## ASSIGNED TASK
Please print nothing but the lines from the one containing "來自身價50萬元的雷山縣西江" to the final line below, exactly, and no pictures.

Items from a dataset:

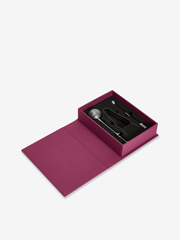 This is the essential kit for every tea lover – a refined toolbox in an elegant book-shaped box that makes the perfect farewell gift. Inside, you’ll find everything you need to elevate your tea parties. All products are made of stainless steel and can be washed in the dishwasher.
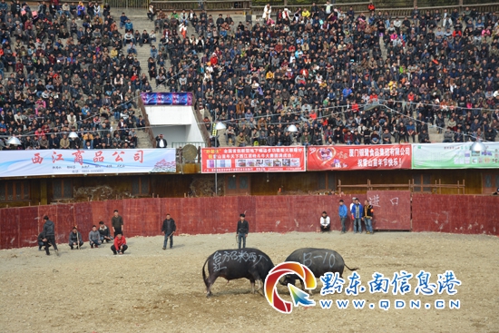 來自身價50萬元的雷山縣西江鎮貓鼻嶺村文老四的“西江一號”31號“牛王”表現突出,當天打敗了8頭對手。最后決賽,文老四的“西江一號”牛王與臺江縣唐先奎的11號“碰牛”爭奪冠軍,經過4分28秒的激烈爭奪,“西江一號”牛王勇奪冠軍,臺江11號“碰牛”敗北,獲得亞軍,來自雷山西江鎮白堯寨潘家海的29號斗牛獲得季軍,分別撬走了10萬元、6萬元、3萬元的獎金;來自雷山縣郎德鎮烏流村的15號斗牛,丹寨縣文鳳偉的16號斗牛,劍河縣都小勇的28號斗牛,貴陽“財神”拖皮的33號斗牛,云南“小鐵牛”錢老三的6號斗牛,分別獲得四、五、六、七、八名次,獎金則分別獲得1萬元、0.6萬元、0.5萬元、0.4萬元、0.3萬元。(張希才攝影報道)
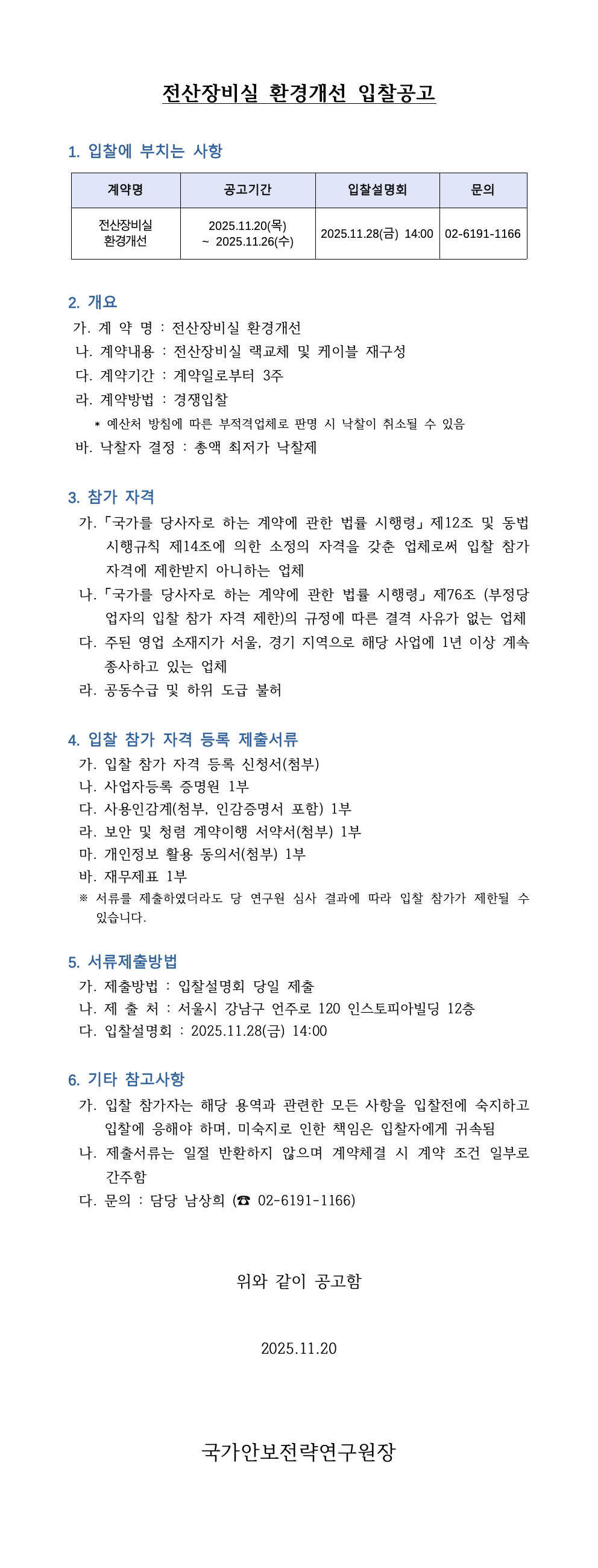 [입찰공고] 국가안보전략연구원 전산장비실 환경개선
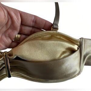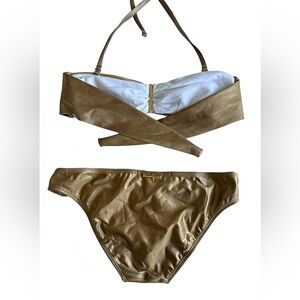 Iracema Scharf Luxury Brazilian Gold Metallic and Brown Bikini Set Sz S/P – Strapless Bandeau Top & Low-Rise Bottom – Made in Brazil – NWT
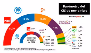 La suma de Unidos Podemos y sus confluencias, por su parte, sube siete décimas hasta marcar en noviembre un 18%, un porcentaje en la media de lo que viene marcando durante todo 2018, pero que aún está lejos del 21,15% que se anotó en las generales de 2016. Todos los socios de la coalición suben unas décimas en noviembre respecto a octubre, excepto En Comú, que pasa de 3,2 al 2,8%.
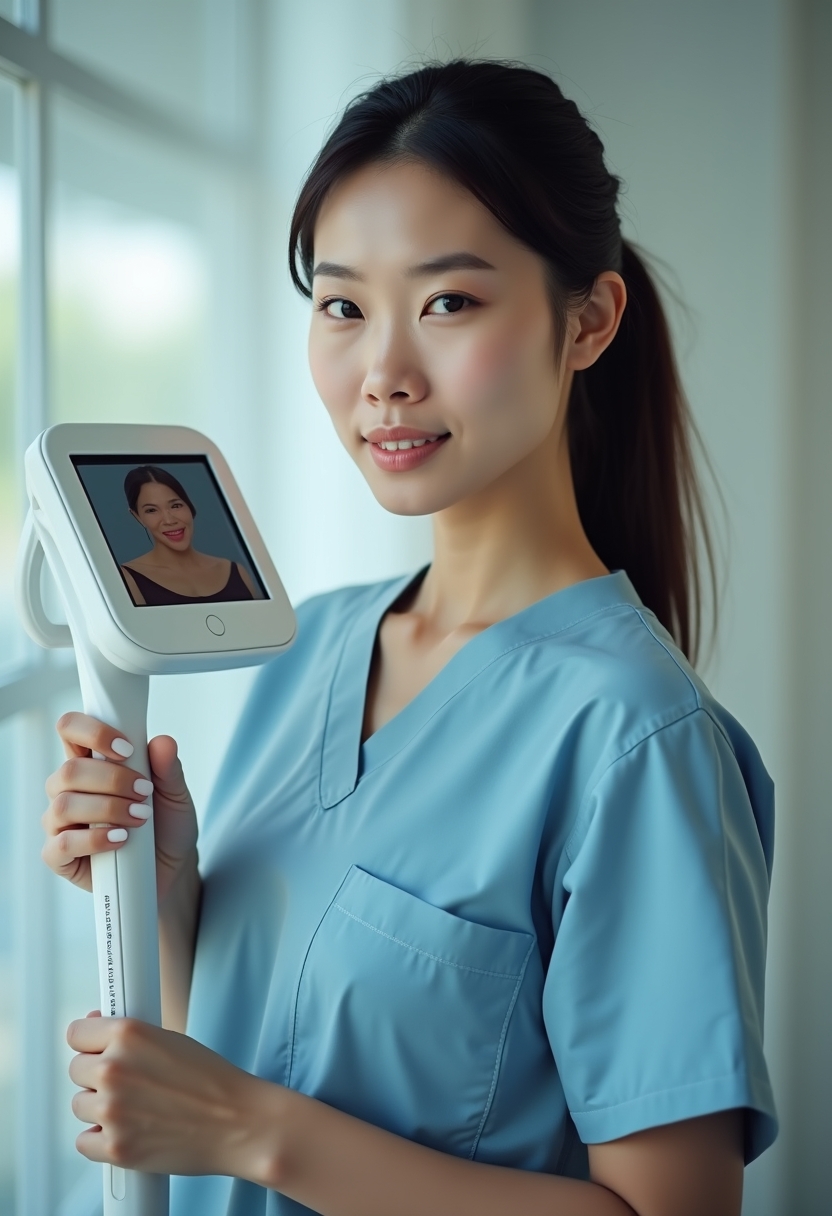 Медициналық формадағы косметолог фотоэпиляция аппаратының жанында тұр, оның тұтқасын ұстап, тура камераға қарап тұр.

## COMPLETED EXERCISE
 來自身價50萬元的雷山縣西江鎮貓鼻嶺村文老四的“西江一號”31號“牛王”表現突出,當天打敗了8頭對手。最后決賽,文老四的“西江一號”牛王與臺江縣唐先奎的11號“碰牛”爭奪冠軍,經過4分28秒的激烈爭奪,“西江一號”牛王勇奪冠軍,臺江11號“碰牛”敗北,獲得亞軍,來自雷山西江鎮白堯寨潘家海的29號斗牛獲得季軍,分別撬走了10萬元、6萬元、3萬元的獎金;來自雷山縣郎德鎮烏流村的15號斗牛,丹寨縣文鳳偉的16號斗牛,劍河縣都小勇的28號斗牛,貴陽“財神”拖皮的33號斗牛,云南“小鐵牛”錢老三的6號斗牛,分別獲得四、五、六、七、八名次,獎金則分別獲得1萬元、0.6萬元、0.5萬元、0.4萬元、0.3萬元。(張希才攝影報道)
 [입찰공고] 국가안보전략연구원 전산장비실 환경개선
 Iracema Scharf Luxury Brazilian Gold Metallic and Brown Bikini Set Sz S/P – Strapless Bandeau Top & Low-Rise Bottom – Made in Brazil – NWT
 La suma de Unidos Podemos y sus confluencias, por su parte, sube siete décimas hasta marcar en noviembre un 18%, un porcentaje en la media de lo que viene marcando durante todo 2018, pero que aún está lejos del 21,15% que se anotó en las generales de 2016. Todos los socios de la coalición suben unas décimas en noviembre respecto a octubre, excepto En Comú, que pasa de 3,2 al 2,8%.
 Медициналық формадағы косметолог фотоэпиляция аппаратының жанында тұр, оның тұтқасын ұстап, тура камераға қарап тұр.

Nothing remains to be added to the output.